Download A NEUTRAL THEORY OF SPECIATION AND DIVERSITY

A NEUTRAL THEORY OF SPECIATION AND DIVERSITY
M.A.M. de Aguiar1,2, M. Baranger1,3, E.M. Baptestini2, L. Kaufman1,4 and Y. Bar-Yam1
1 New England Complex Systems Institute, Cambridge, MA 02138,USA
2 Universidade Estadual de Campinas, Unicamp 13083-970, Campinas, SP, Brasil
3 University of Arizona, Tucson, AZ 85719, USA
4 Boston University, Boston, MA 02215, USA
keywords: evolution, ecology, speciation
1 - INTRODUCTION
The number of living species on Earth has been estimated to be between 10 and 100 million.
Understanding the processes that have generated such remarkable diversity is one of the greatest
challenges in evolutionary biology. Among the many types of speciation processes studied, the allopatric
has been considered to be the most common and thus largely responsible for biodiversity. It occurs either
by adaptation to new environments of two or more geographically isolated sub-populations, or simply by
random genetic drift and bottlenecks independently affecting these sub-populations [1]. The opposite case
of sympatric speciation, occurring without physical barriers, is more controversial, although a growing set
of experimental data seems to corroborate its validity. Several theoretical models of sympatric speciation,
mostly based on numerical simulations, have been motivated by this observational evidence [2].

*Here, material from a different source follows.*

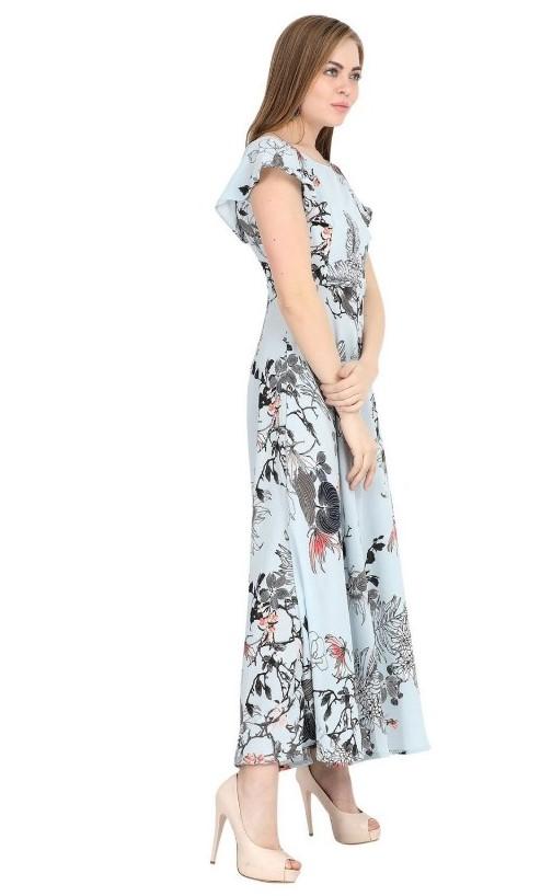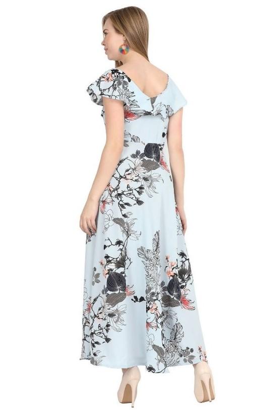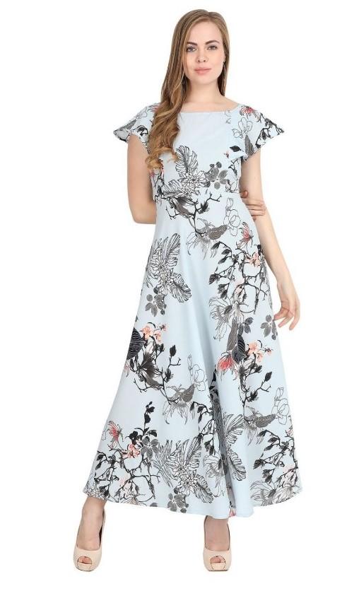 Generic Women's Crepe Floral Half Sleeves Full Length Gown(Blue)

In this paper we examine another mechanism of speciation, that we term topopatric, based on symmetrybreaking and spontaneous pattern formation in genetic and physical space [3]. It is an example of a very
general phenomenon, frequently observed in physics, in chemistry, in developmental biology, and in
ecology, in which an initially symmetric (or uniform) distribution happens to be intrinsically unstable and
breaks down asymmetrically, leading to the self-organization of its members into clusters.
2 - THE MODEL
We simulated the evolution of a population whose members, at the beginning, are uniformly distributed in
a homogeneous environment and have identical genomes. The key ingredient of the model is the
introduction of assortative mating based on two critical mating distances: one in physical space and one
in genetic space. In physical space, an individual can mate only with others living in a certain
neighborhood of its location, as opposed to random panmictic mating within the entire population; the
size of this neighborhood is determined by the critical mating space distance S. In genetic space on the
other hand, an individual can mate only with others whose genome is not too different from its own; the
size of the allowed difference is determined by the critical mating genetic distance G. Neither one of
these restrictions, when imposed alone, leads to speciation. However, when they are both present,
speciation may happen depending on the values of parameters such as the spatial density of individuals,
the mutation rate, etc. Although this mating dynamics allows for gene flow only between a restricted set
of individuals in each single mating season, gene flow between any two individuals is possible in a few
generations since the mating neighborhoods always overlap. In the language of physics the system is, on
the average, invariant under space translations and speciation occurs by breaking this symmetry. It
occurs because the `homogeneous solution', i.e. the single uniform population, turns out to be unstable
and statistical fluctuations get amplified to produce patterns of population types in genetic space. This
instability is generated by the interaction between the physical and the genetic spaces.
3 - RESULTS
Figure 1 illustrates the time evolution of a population through 800 generations. Different species are
shown in different colors. After a transient period the population reaches a dynamical equilibrium, where
the rate of extinctions and new speciation events are equal, leading to a fixed average number of species
over long periods of time. The distribution of abundances, measuring the number of individuals per
species, can be calculated from the evolved populations. Typical results are shown in figure 2, compared
with empirical data. The qualitative agreement is remarkable. The observed empirical fits and recent data
on speciation suggest that the combined actions of selection and topopatry, rather that alopatry, may be
the dominant mechanism of speciation.
Figure 1 - Time evolution of a population with 2000 individuals on a 128 x 128 lattice
with G=20, S=6 and mutation rate 0.001.
Figure 2 - Abundance distribution. Black circles show the results of the simulation (left and bottom axis)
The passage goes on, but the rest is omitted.